• **Exercise directions**: In the data below, begin at the line with "Sophia: Plant Kingdom: Mosses: Lesson 3" and stop after the line with "Fold the sleeve"; output those lines exactly and no pictures.

• **Source data**:
##########

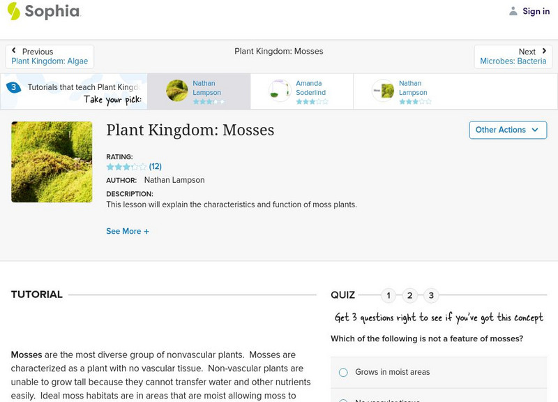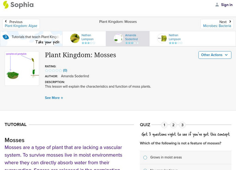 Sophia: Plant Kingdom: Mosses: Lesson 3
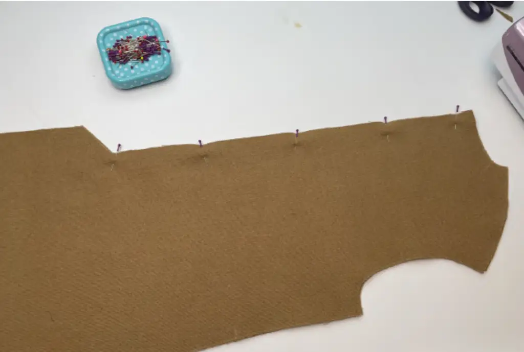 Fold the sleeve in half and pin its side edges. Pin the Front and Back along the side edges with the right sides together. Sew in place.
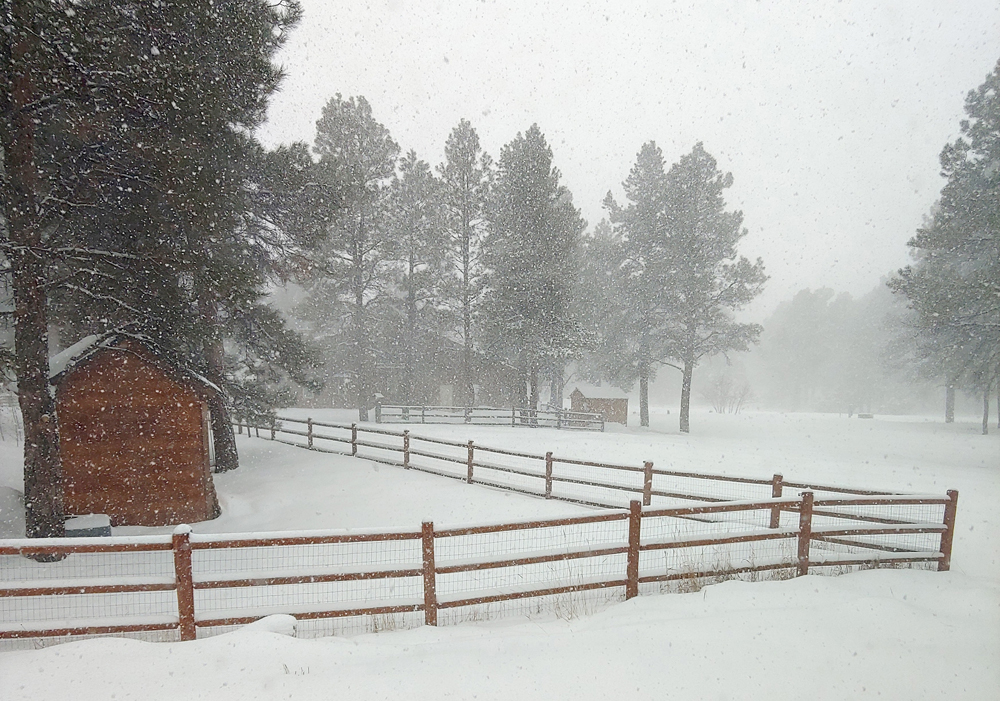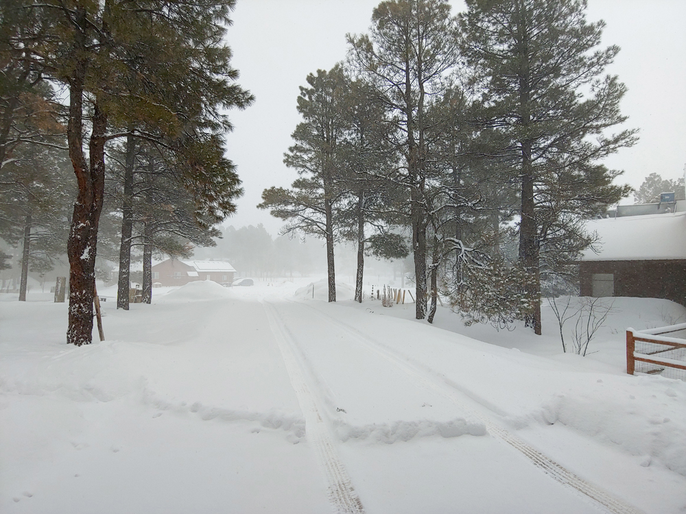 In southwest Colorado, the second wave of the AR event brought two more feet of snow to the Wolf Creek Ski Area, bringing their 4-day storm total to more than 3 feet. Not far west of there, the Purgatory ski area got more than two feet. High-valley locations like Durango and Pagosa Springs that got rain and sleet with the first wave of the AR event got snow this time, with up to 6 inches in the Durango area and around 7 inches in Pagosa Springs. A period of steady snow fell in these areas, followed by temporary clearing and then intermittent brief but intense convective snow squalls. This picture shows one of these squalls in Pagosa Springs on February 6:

##########

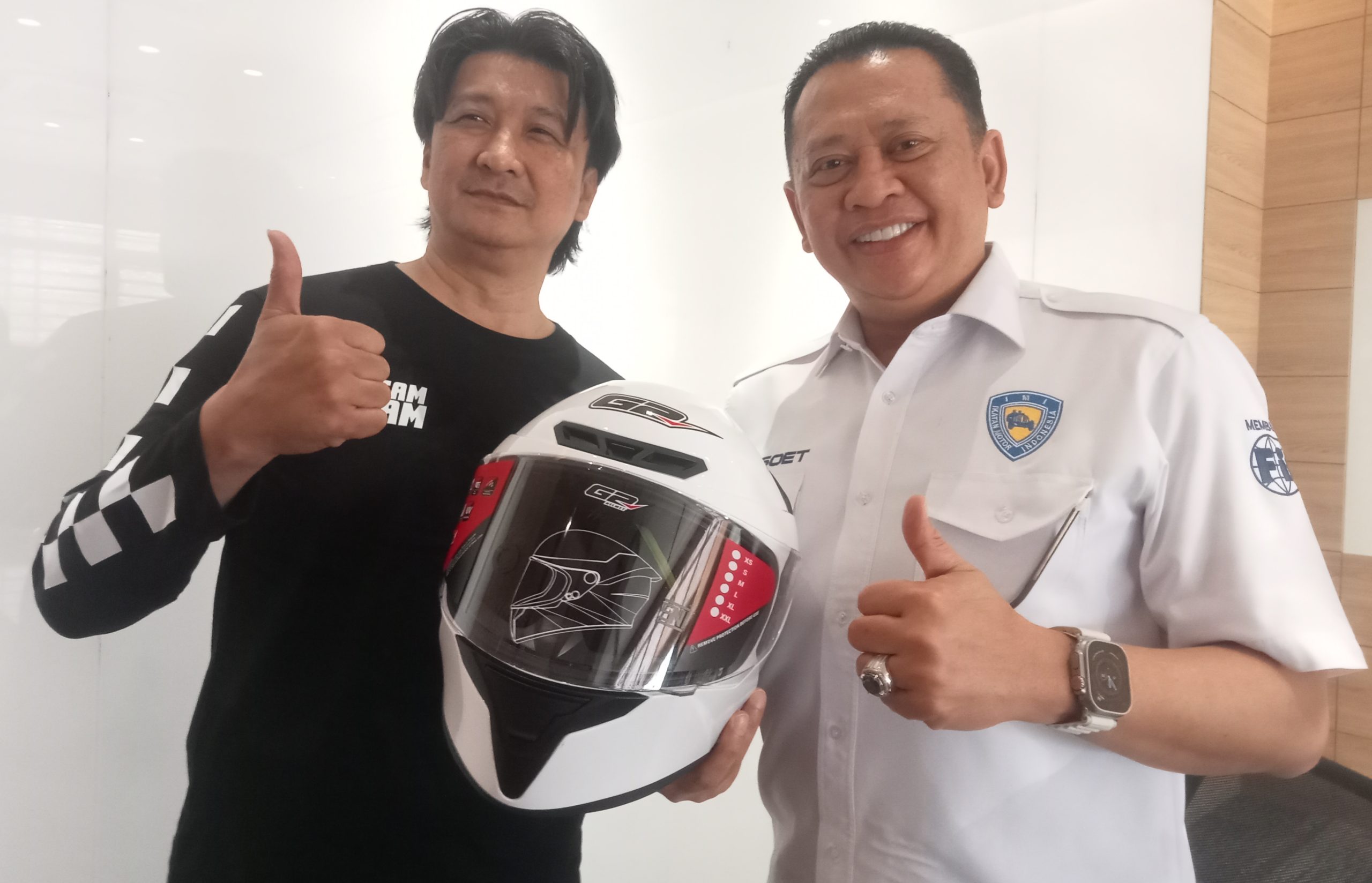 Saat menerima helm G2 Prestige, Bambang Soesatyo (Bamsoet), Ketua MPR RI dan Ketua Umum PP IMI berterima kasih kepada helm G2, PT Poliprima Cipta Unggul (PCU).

##########

• **Your response**:
 Sophia: Plant Kingdom: Mosses: Lesson 3
 Fold the sleeve in half and pin its side edges. Pin the Front and Back along the side edges with the right sides together. Sew in place.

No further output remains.